[WORK ITEM] For the material below, reproduce exactly each line from the one that has "5750 First Line, Milton, ON" through the one that has "Mum # 01-2211", and no others; pictures stay out.

[MATERIAL FOR THIS TASK]
++++++
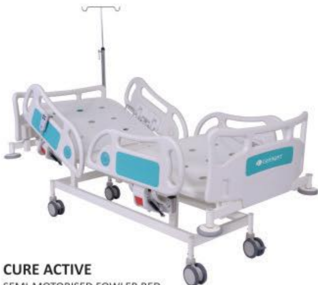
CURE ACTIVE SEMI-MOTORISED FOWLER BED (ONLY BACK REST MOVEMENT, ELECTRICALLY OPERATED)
++++++
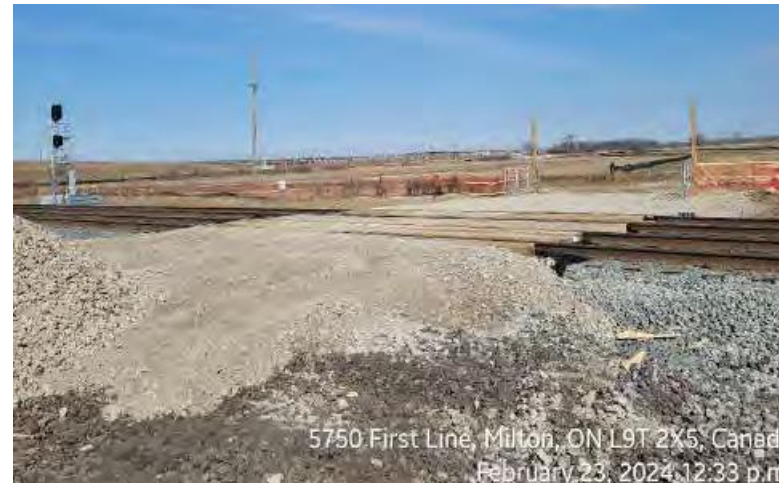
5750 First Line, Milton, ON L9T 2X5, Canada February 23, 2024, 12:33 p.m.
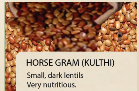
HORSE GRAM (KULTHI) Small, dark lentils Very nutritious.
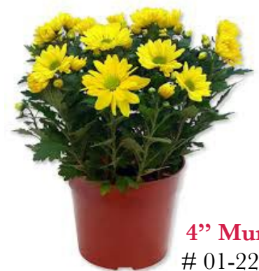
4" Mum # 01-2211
++++++
[TASK SOLUTION]
5750 First Line, Milton, ON L9T 2X5, Canada February 23, 2024, 12:33 p.m.
HORSE GRAM (KULTHI) Small, dark lentils Very nutritious.
4" Mum # 01-2211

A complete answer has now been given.